• EXERCISE BRIEF: Before copying, set the pictures aside; then repeat every line below verbatim.

[DATA BELOW — start]

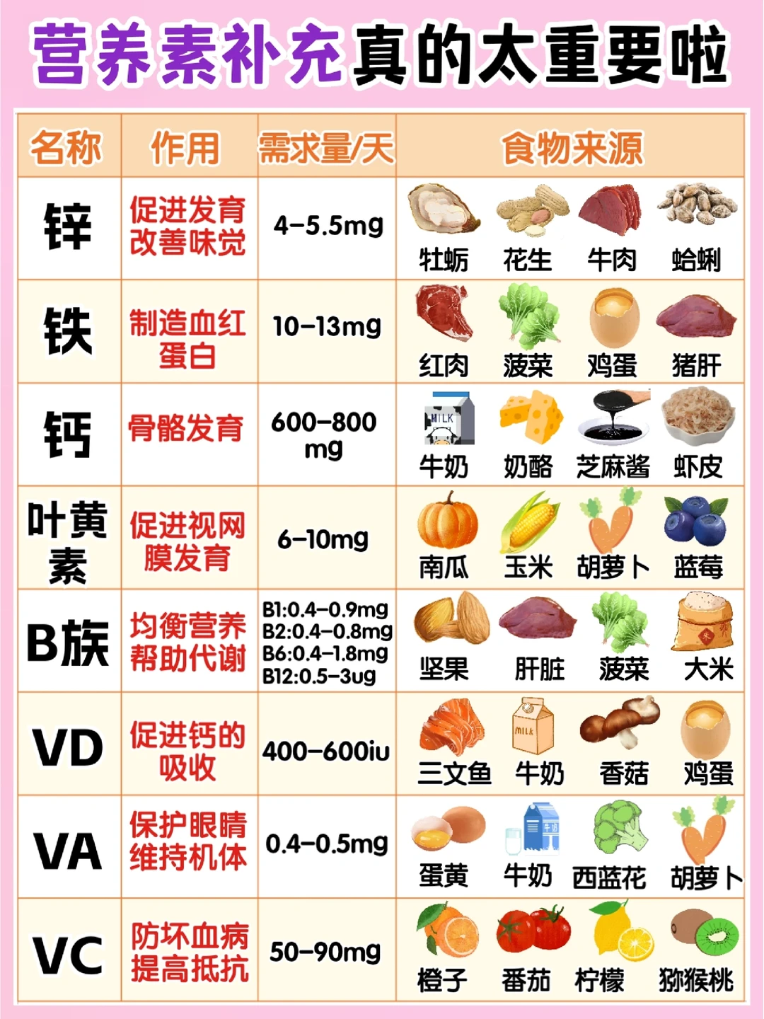 🌈维生素、矿物质对人体非常重要‼尤其是在儿童成长发育过程中,是身体素质打好基础的重要元素!如果长期缺乏某种营养,身体就会释放信号,这时就需要我们通过食物或相应的营养素来及时补充!
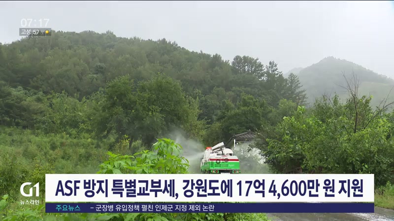 ASF 방지 특별교부세, 강원도에 17억 4,600만 원 지원
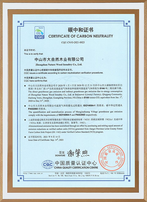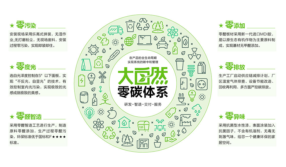 早在2010年,大自然家居成為我國第一家購買碳匯并在市場上推出零碳產品的企業,實現真正意義上的零碳產品生產,并通過改進生產工藝、減少包裝材料等措施,控制與降低碳排放量,獲得國際零碳專業委員會“碳中和”認證,以及中國質量認證中心頒發的《碳中和證書》。除了“零碳”產品,大自然家居擁有完善的綠色供應鏈和智造體系,從原材料到現代化的制造基地到綠色營銷,已形成產業閉環,大自然家居健康環保的經營理念,在低碳、零碳社會進程中得到充分的體現。
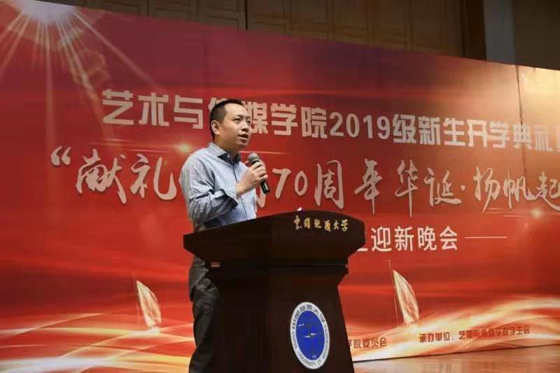 音乐学,设计学,新闻传播学近几年取得的成就。桂院长谈到,每年开学典礼上的讲话都是他十分重要的时刻,他和全体老师一样,希望艺媒学子在未来都能成为伟大的音乐家、设计师、新闻传播者和科普传播专家。讲话几度被场下热烈的掌声打断。最后,桂院长引用了中国美术果冻传媒

[DATA BELOW — finish]

• ANSWER FOR THIS EXERCISE:
 🌈维生素、矿物质对人体非常重要‼尤其是在儿童成长发育过程中,是身体素质打好基础的重要元素!如果长期缺乏某种营养,身体就会释放信号,这时就需要我们通过食物或相应的营养素来及时补充!
 ASF 방지 특별교부세, 강원도에 17억 4,600만 원 지원
 早在2010年,大自然家居成為我國第一家購買碳匯并在市場上推出零碳產品的企業,實現真正意義上的零碳產品生產,并通過改進生產工藝、減少包裝材料等措施,控制與降低碳排放量,獲得國際零碳專業委員會“碳中和”認證,以及中國質量認證中心頒發的《碳中和證書》。除了“零碳”產品,大自然家居擁有完善的綠色供應鏈和智造體系,從原材料到現代化的制造基地到綠色營銷,已形成產業閉環,大自然家居健康環保的經營理念,在低碳、零碳社會進程中得到充分的體現。
 音乐学,设计学,新闻传播学近几年取得的成就。桂院长谈到,每年开学典礼上的讲话都是他十分重要的时刻,他和全体老师一样,希望艺媒学子在未来都能成为伟大的音乐家、设计师、新闻传播者和科普传播专家。讲话几度被场下热烈的掌声打断。最后,桂院长引用了中国美术果冻传媒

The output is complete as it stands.